Уже четыре дня пути отделяли друзей от города повелителей слонов. Слово вождя исполнилось. Отряду бывших рабов было разрешено следовать на запад с экспедицией племени. Кави, Кидого и Пандион, раны которых еще не зажили, получили место на спине одного из шести слонов, остальные шестнадцать их товарищей шли пешком по следам отряда. Животные находились в движении меньше половины дня, остальное время уходило на их кормежку и отдых. Шедшим пешком удавалось настигать слонов только перед наступлением ночи.
Слоновожатые вели животных совсем не той дорогой, которую выбрали бы люди. Они обходили участки высокого леса, устремляясь через поляны и заросли кустарников, где людям пришлось бы прорубать дорогу. Серые гиганты спокойно прокладывали себе путь. Время от времени передний слон заменялся самым задним и отправлялся на отдых в конец отряда. После слонов в чащах оставалась тропа, и товарищи Пандиона шли и шли без единого удара ножом, восхищенные легкостью победы над непроходимыми лесами. Еще лучше чувствовали себя ехавшие на слоне три друга. Платформа слабо покачивалась, неуклонно плывя над землей с ее колючками, насекомыми и опасными змеями, топкой грязью гниющих луж, острым щебнем каменистых скатов, режущей травой и глубокими, зияющими трещинами. Только сейчас понял Пандион, как много внимания требовали опасности пешего передвижения в дебрях африканских лесов и степей. Только постоянная бдительность давала возможность человеку остаться без повреждений, сохранить силы и боеспособность в дальнейшем пути. Теперь, на спине слона, шагавшего с несокрушимой надежностью каменной глыбы, молодой эллин жадно впитывал в себя краски, формы и запахи природы чужой земли, с ее великолепной мощью животной и растительной жизни. В ослепительном свете солнечных лучей чистые тона цветов достигали необыкновенной яркости, смутно тревожившей северянина. Но едва только небо заволакивалось тяжелыми тучами или отряд окружали сумерки тенистого леса, краски угасали. Монотонные переходы цветов казались сумрачными и жесткими в сравнении с мягкими, задумчивыми и гармоничными красками родной Пандиону страны.
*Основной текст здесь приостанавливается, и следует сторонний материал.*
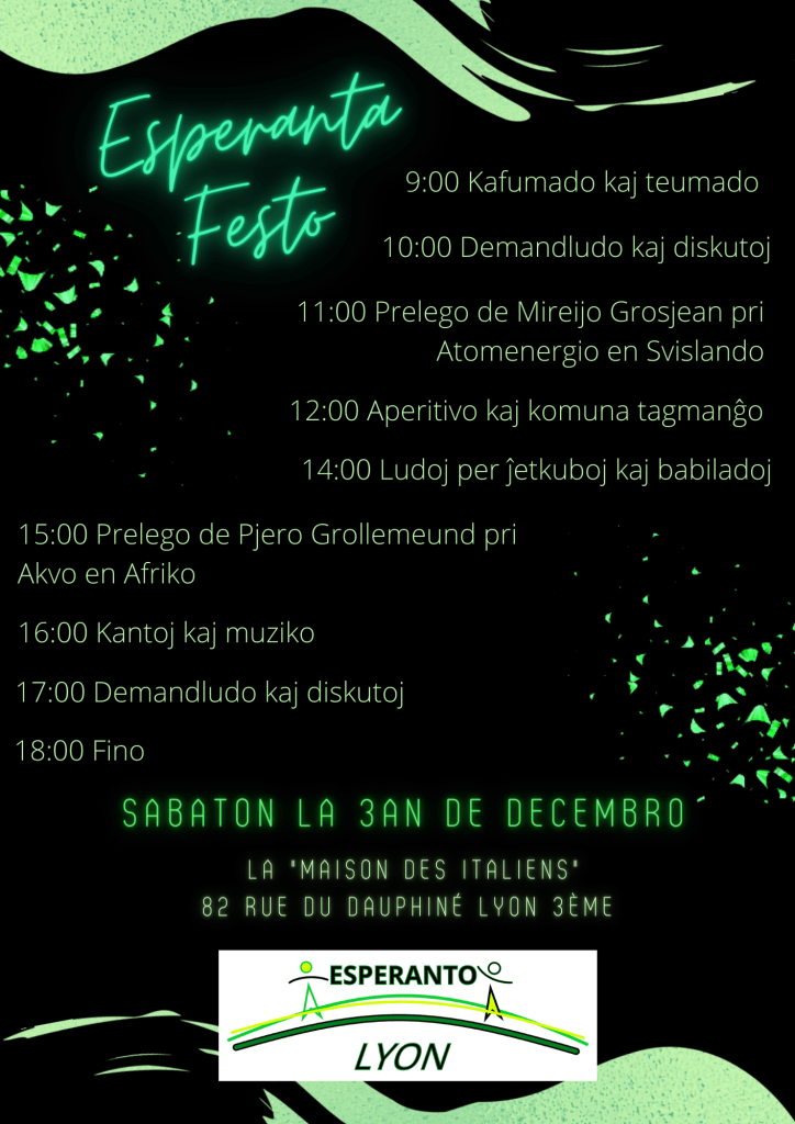 Nia asocio invitas vin al nia Esperanta Festo, Sabaton la 3an de decembro.

Отряд пересек ближний отрог леса и вновь оказался в холмистой степи с красной землей, поросшей безлистыми деревьями, выделявшими молочный сок. Их синевато-зеленые ветви угрюмо поднимались в слепящее небо, ровная, словно подстриженная поверхность крон щетинилась на высоте тридцати локтей от земли. В этих зарослях, стоявших неподвижно, не встречалось ни птиц, ни зверей – знойный мертвый покой царил над красными холмами. Громадные стволы и ветви казались подсвечниками, отлитыми из зеленого металла. Крупные красные цветы рдели на концах ветвей, словно сотни факелов, горевших на мрачном кладбище. Дальше почву изрезали глубокие промоины – под огненно-красной землей лежали слои ослепительно белого песка. Отряд вышел в сеть узких ущелий. Рыхлые пурпурные стены поднимались на сто локтей по сторонам. Слоны осторожно пробирались в хаосе размытых обрывов, пирамид, башен и тонких столбов. Местами в круглых, как чаши, глубоких впадинах встречались длинные отроги, расходящиеся лучами поперек ровного дна. Отроги поднимались острыми крутыми стенами рыхлой земли; иногда они внезапно обрушивались при прохождении отряда поблизости, пугая слонов, шарахавшихся в сторону. Цвет размытой рыхлой почвы беспрестанно менялся: за стеной теплого красного тона вздымалась светло-бурая, затем шли пирамиды яркой солнечно-желтой окраски, перемежавшиеся с ослепительно белыми полосами и выступами. Пандиону казалось, что он попал в волшебное царство. В этих глубоких, сухих и безжизненных долинах скрывался целый мир игры ярких цветов мертвой природы.[107]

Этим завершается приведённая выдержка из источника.